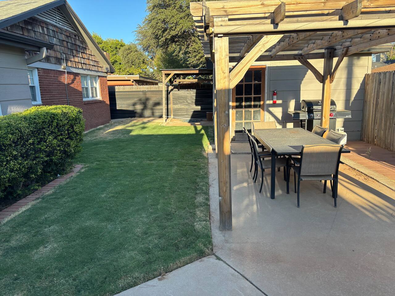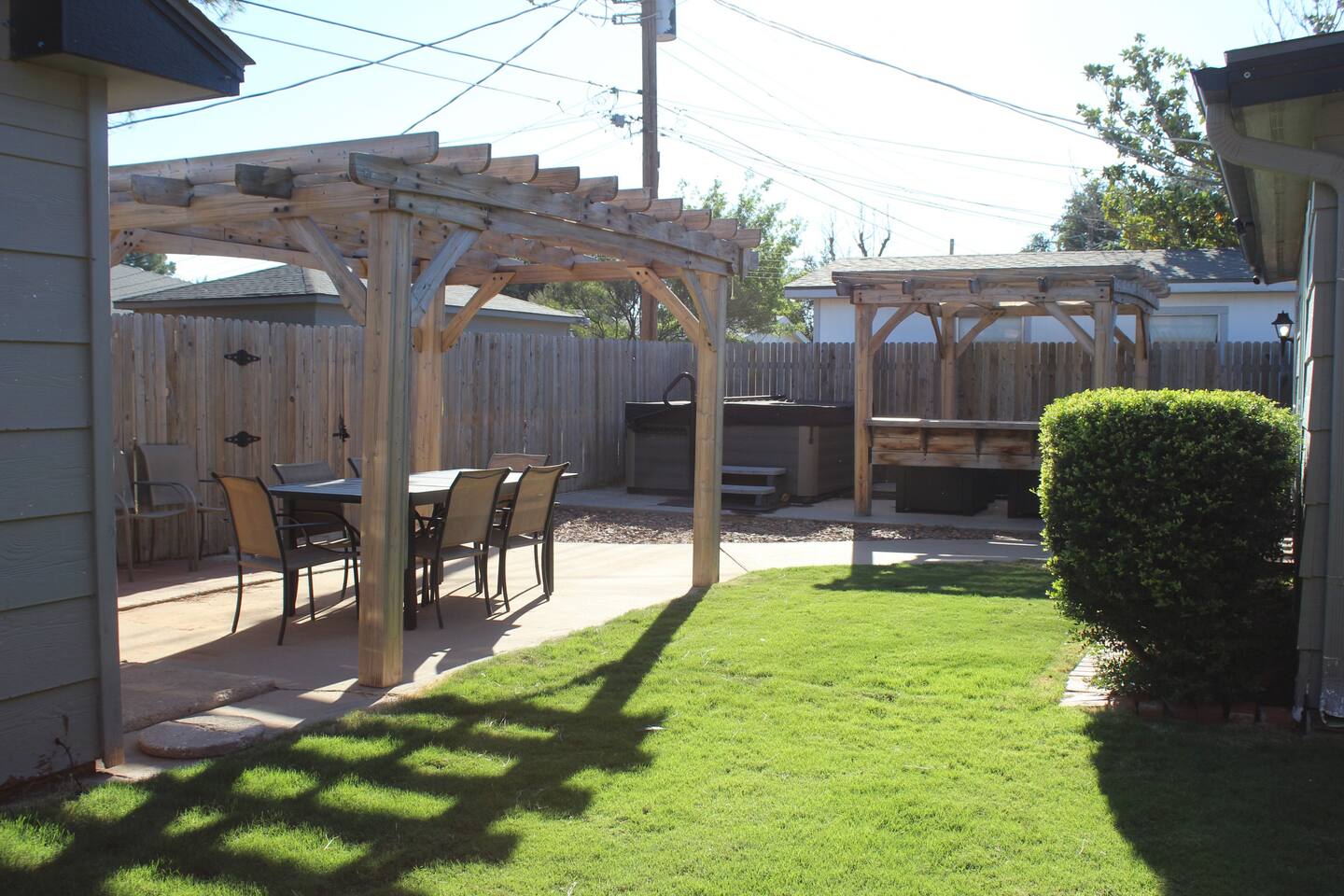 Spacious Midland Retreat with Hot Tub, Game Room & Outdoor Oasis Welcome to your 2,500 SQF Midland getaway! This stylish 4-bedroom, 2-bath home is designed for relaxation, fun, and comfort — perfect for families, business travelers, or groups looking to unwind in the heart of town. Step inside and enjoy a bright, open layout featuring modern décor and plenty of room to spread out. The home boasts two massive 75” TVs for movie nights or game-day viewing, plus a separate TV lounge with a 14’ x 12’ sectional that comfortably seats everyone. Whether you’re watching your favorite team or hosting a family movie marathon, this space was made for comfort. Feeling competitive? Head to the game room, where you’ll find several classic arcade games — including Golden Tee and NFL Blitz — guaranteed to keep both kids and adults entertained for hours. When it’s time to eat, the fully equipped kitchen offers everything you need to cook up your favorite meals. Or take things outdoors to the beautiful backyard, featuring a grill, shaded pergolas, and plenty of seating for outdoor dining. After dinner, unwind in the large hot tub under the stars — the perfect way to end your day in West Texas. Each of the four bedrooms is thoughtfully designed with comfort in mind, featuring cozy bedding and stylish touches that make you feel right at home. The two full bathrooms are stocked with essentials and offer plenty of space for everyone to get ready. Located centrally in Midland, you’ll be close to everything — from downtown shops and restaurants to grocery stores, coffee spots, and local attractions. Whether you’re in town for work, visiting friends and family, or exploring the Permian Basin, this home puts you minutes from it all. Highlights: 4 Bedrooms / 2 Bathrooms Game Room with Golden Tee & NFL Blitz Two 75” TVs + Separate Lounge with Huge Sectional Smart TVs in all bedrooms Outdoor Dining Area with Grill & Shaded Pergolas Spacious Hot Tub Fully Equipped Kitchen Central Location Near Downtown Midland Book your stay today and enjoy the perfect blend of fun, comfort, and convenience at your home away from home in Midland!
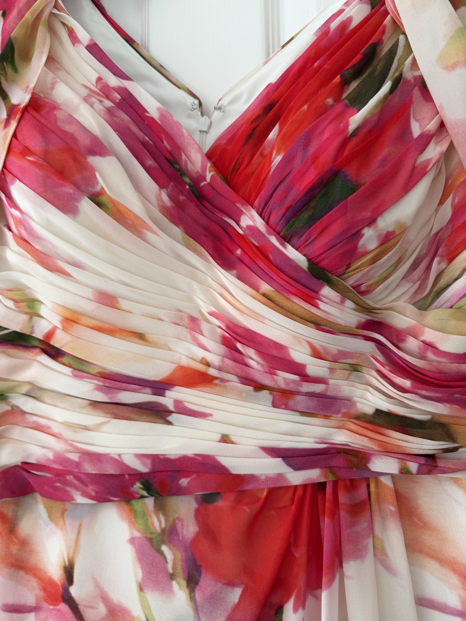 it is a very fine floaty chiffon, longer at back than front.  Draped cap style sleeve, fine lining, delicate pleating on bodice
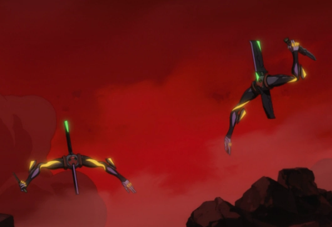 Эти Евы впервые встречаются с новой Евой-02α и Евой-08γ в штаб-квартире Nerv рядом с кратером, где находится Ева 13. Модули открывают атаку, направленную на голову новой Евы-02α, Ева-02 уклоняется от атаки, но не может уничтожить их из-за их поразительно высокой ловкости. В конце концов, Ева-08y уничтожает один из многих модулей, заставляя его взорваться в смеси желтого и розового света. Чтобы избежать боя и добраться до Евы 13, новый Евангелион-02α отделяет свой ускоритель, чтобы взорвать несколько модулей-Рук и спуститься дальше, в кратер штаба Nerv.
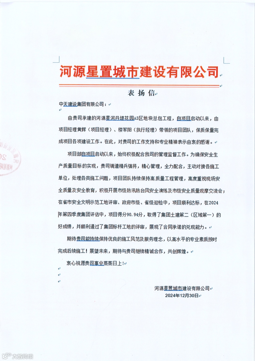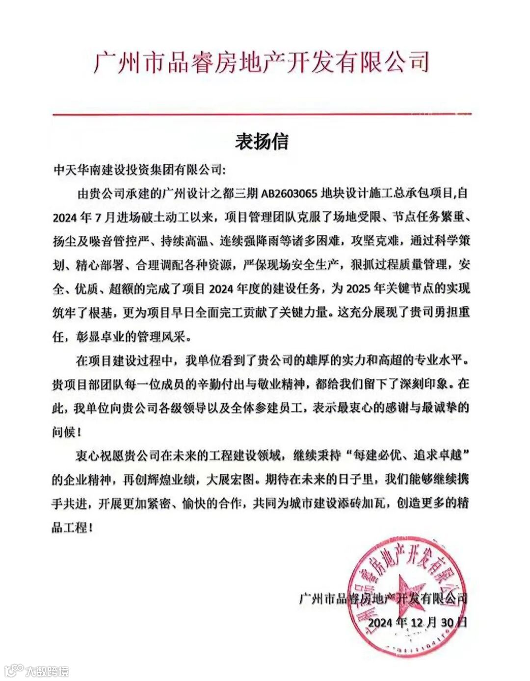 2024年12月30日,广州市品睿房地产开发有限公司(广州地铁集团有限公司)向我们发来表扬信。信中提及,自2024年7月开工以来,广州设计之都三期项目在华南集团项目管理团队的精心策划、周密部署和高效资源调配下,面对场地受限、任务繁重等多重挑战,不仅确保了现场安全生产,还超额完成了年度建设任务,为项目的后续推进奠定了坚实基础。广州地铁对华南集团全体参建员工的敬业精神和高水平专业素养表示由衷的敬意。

▸ WHAT YOU ARE ASKED TO DO
The lines from the one containing "Эти Евы впервые" through the final line of the data are to be repeated exactly, with both ends included and all pictures left out.

▸ WRITTEN ANSWER
 Эти Евы впервые встречаются с новой Евой-02α и Евой-08γ в штаб-квартире Nerv рядом с кратером, где находится Ева 13. Модули открывают атаку, направленную на голову новой Евы-02α, Ева-02 уклоняется от атаки, но не может уничтожить их из-за их поразительно высокой ловкости. В конце концов, Ева-08y уничтожает один из многих модулей, заставляя его взорваться в смеси желтого и розового света. Чтобы избежать боя и добраться до Евы 13, новый Евангелион-02α отделяет свой ускоритель, чтобы взорвать несколько модулей-Рук и спуститься дальше, в кратер штаба Nerv.
 2024年12月30日,广州市品睿房地产开发有限公司(广州地铁集团有限公司)向我们发来表扬信。信中提及,自2024年7月开工以来,广州设计之都三期项目在华南集团项目管理团队的精心策划、周密部署和高效资源调配下,面对场地受限、任务繁重等多重挑战,不仅确保了现场安全生产,还超额完成了年度建设任务,为项目的后续推进奠定了坚实基础。广州地铁对华南集团全体参建员工的敬业精神和高水平专业素养表示由衷的敬意。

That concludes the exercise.